BEGIN Given information
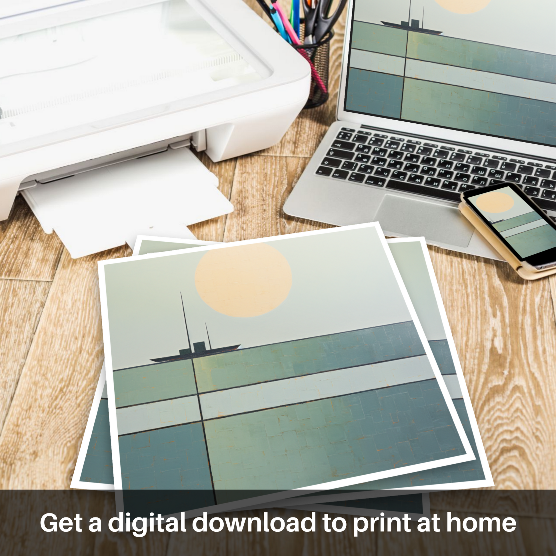 At the centre of this piece lies a solitary sailboat, its silhouette a study in graceful lines and understated detail against the soft tapestry of the sea. The boat is poised on the horizon, where the sea gently kisses the sky, instilling a sense of balance and poise that is the soul of the artwork.
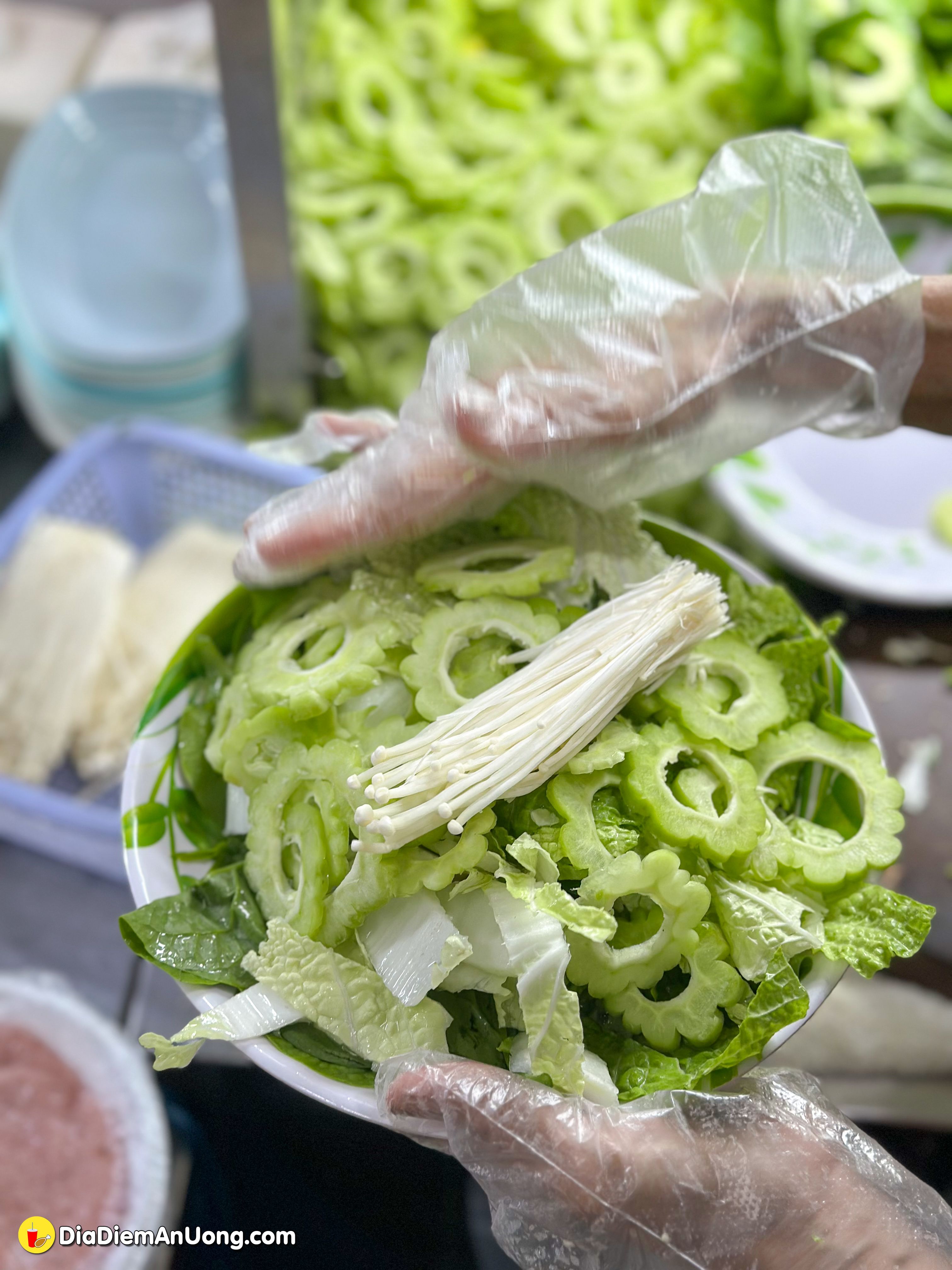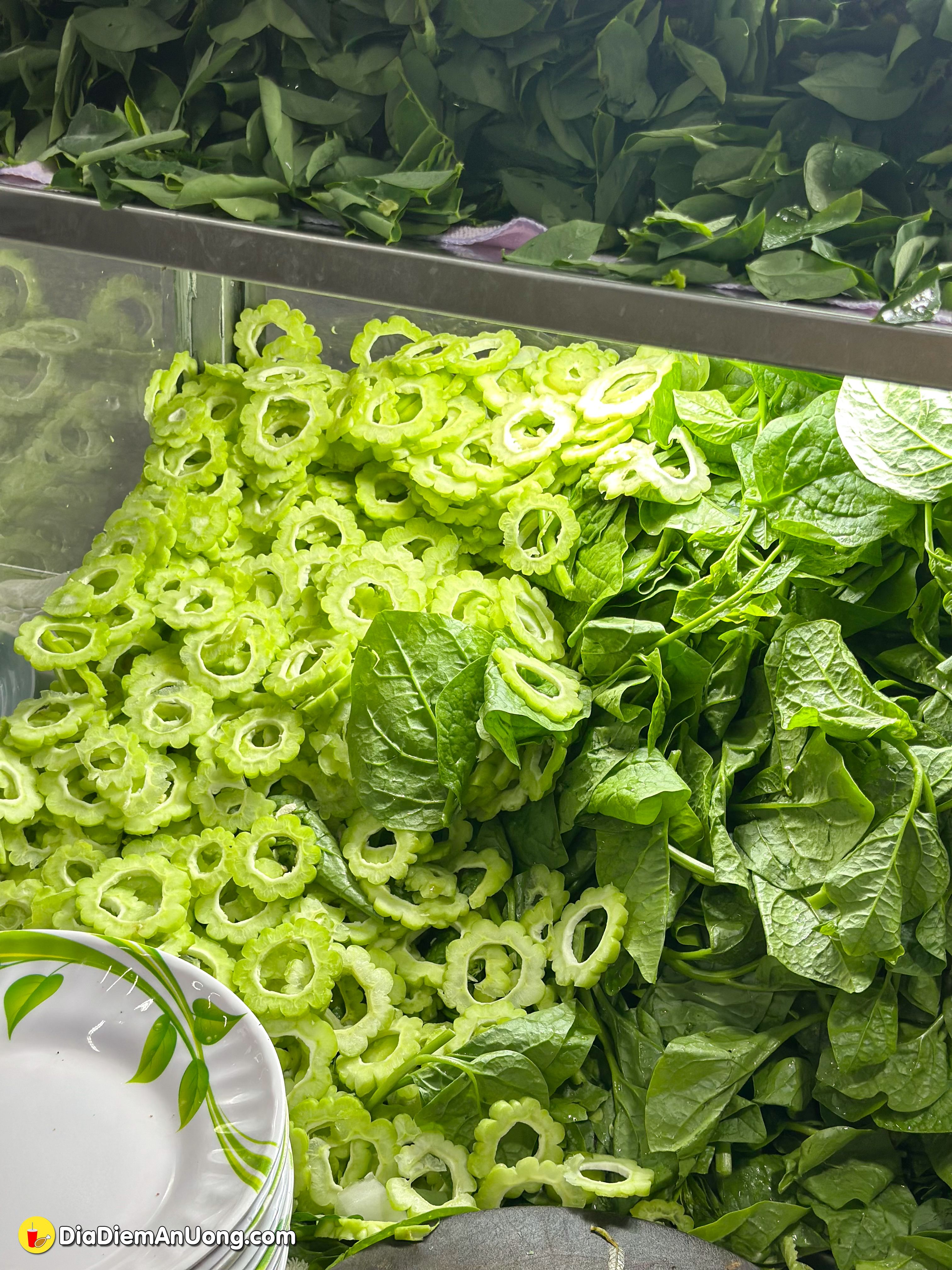 Điểm cộng to bự nhất của quán chính là cái quầy rau. Nhìn mà muốn "xỉu up xỉu down" vì quá nhiều và tươi. Khổ qua được bào mỏng, xếp thành đống cao ngất. Khổ qua tươi xanh, khi nhúng vào nồi lẩu cá thác lác sẽ tạo nên vị đắng nhẹ rồi ngọt hậu đặc trưng, đúng bài luôn!
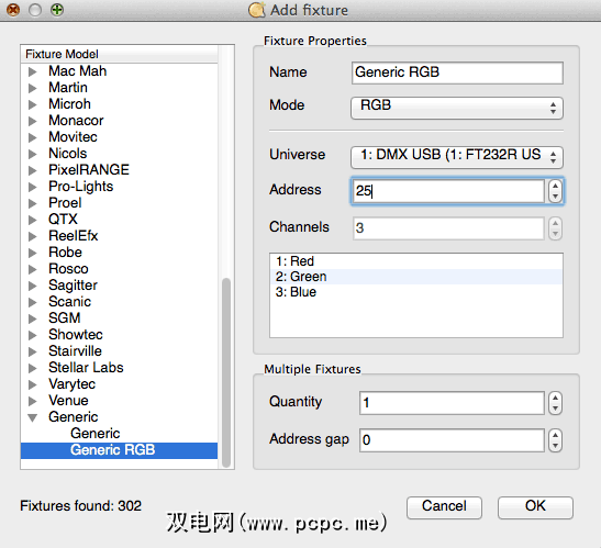 该对话框是来自不同制造商的固定装置的目录,因为每个设备都需要自己的配置文件,以准确了解功能以及如何控制这些功能。对于我们的测试用例,您需要“通用RGB"。输入您选择的地址,然后添加灯具。注意控制器使用3个通道;因此,如果您想要另一个控制器,则必须从28开始,以免重叠(唯一的例外是,如果您希望两个相同的设备执行完全相同的操作)。
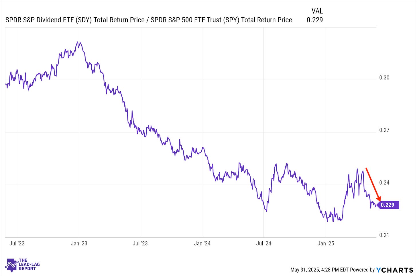 Dividend stocks have been consistently struggling to maintain any sense of outperformance and have been giving back short-term gains. This ratio seems to do a fairly good job of reflecting the start & stop nature of both forward economic expectations, the direction of the Fed and trade war developments. The lack of clarity has meant a lot of ups and downs with not much steady progress.
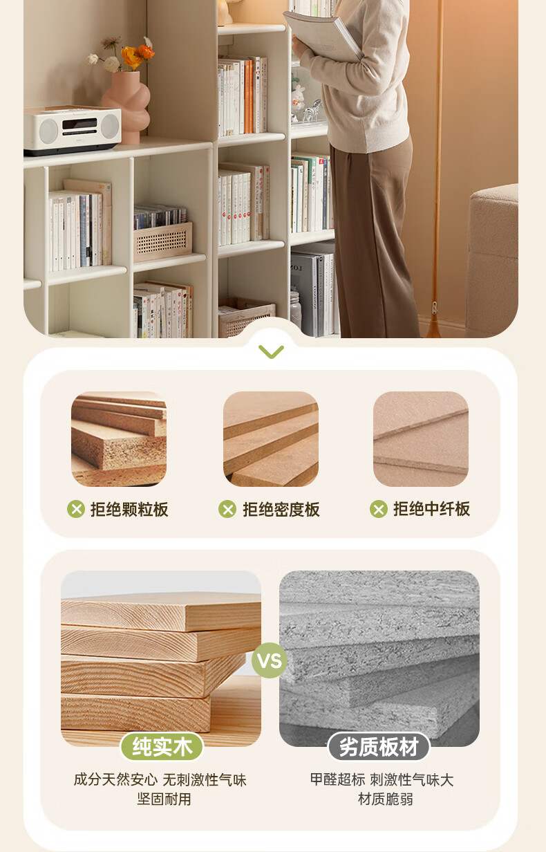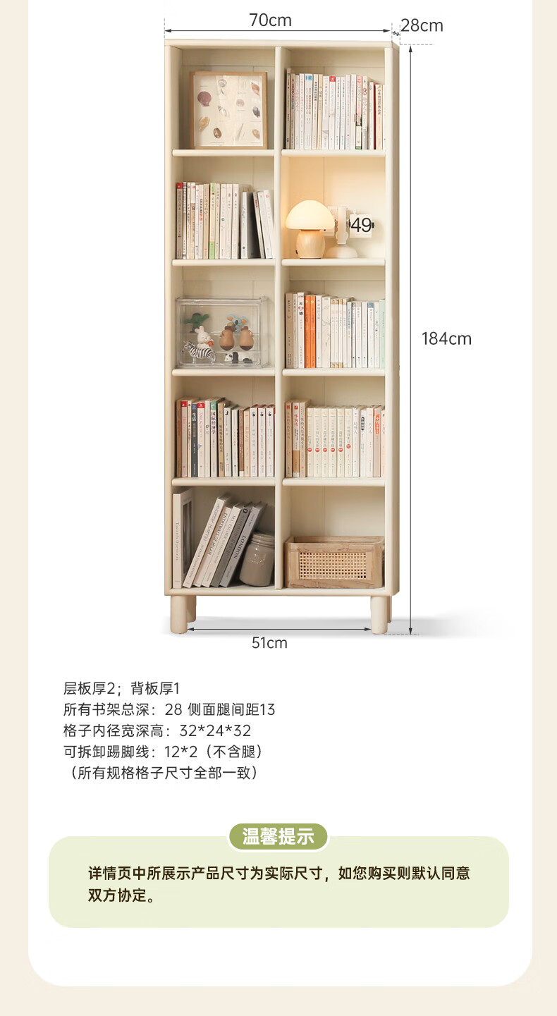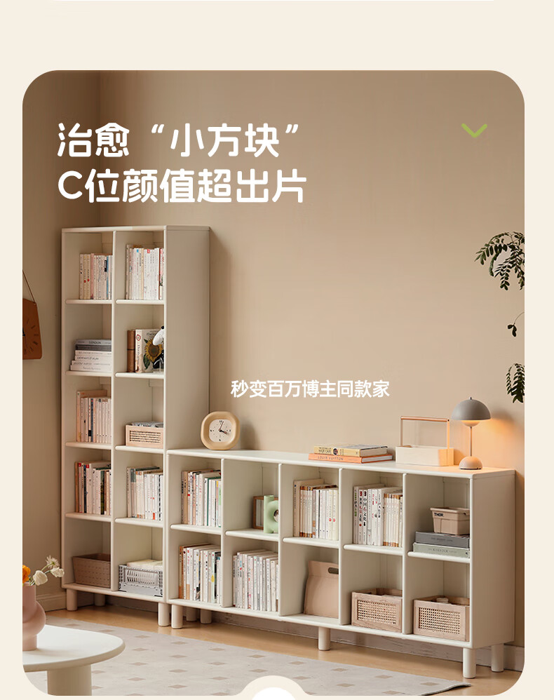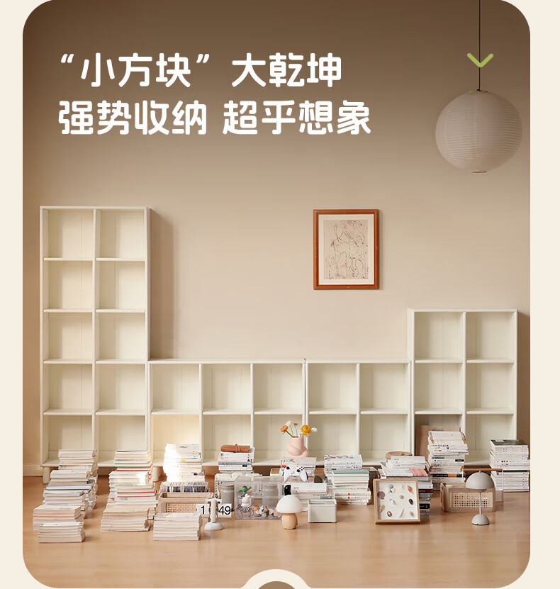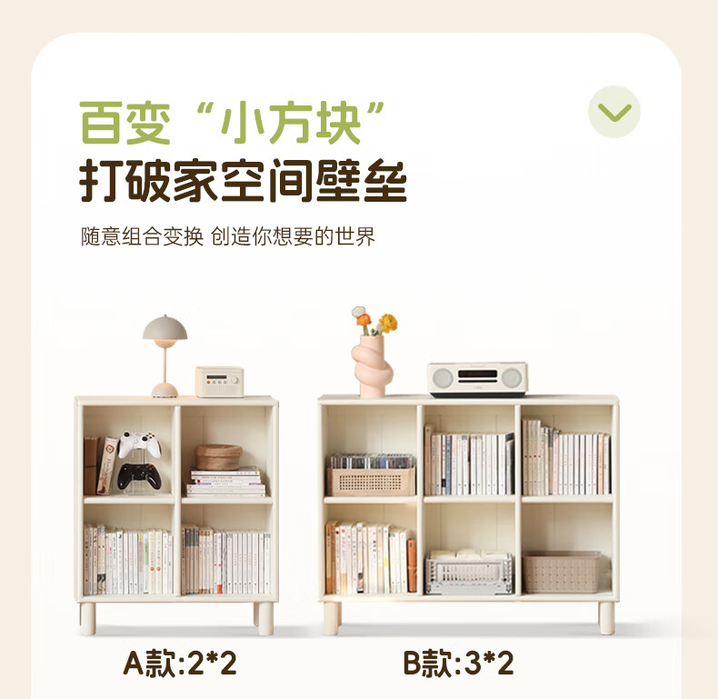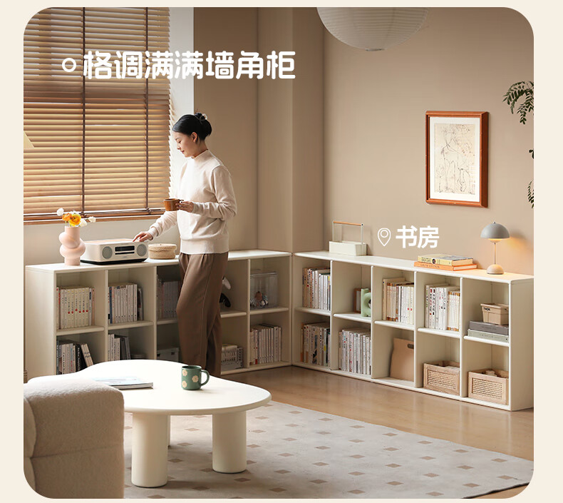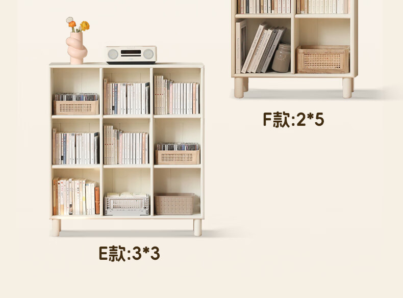 Genji Muyu solid wood bookshelf white cream style study room bookcase grid cabinet wall display rack 0.7 meter bookshelf (2*2 grid)
END Given information
_Task requirements_:
What should be set down is every line from the opening of the records through the line that contains "该对话框是来自不同制造商的固", exactly, with pictures left out.

_Exercise answer_:
 At the centre of this piece lies a solitary sailboat, its silhouette a study in graceful lines and understated detail against the soft tapestry of the sea. The boat is poised on the horizon, where the sea gently kisses the sky, instilling a sense of balance and poise that is the soul of the artwork.
 Điểm cộng to bự nhất của quán chính là cái quầy rau. Nhìn mà muốn "xỉu up xỉu down" vì quá nhiều và tươi. Khổ qua được bào mỏng, xếp thành đống cao ngất. Khổ qua tươi xanh, khi nhúng vào nồi lẩu cá thác lác sẽ tạo nên vị đắng nhẹ rồi ngọt hậu đặc trưng, đúng bài luôn!
 该对话框是来自不同制造商的固定装置的目录,因为每个设备都需要自己的配置文件,以准确了解功能以及如何控制这些功能。对于我们的测试用例,您需要“通用RGB"。输入您选择的地址,然后添加灯具。注意控制器使用3个通道;因此,如果您想要另一个控制器,则必须从28开始,以免重叠(唯一的例外是,如果您希望两个相同的设备执行完全相同的操作)。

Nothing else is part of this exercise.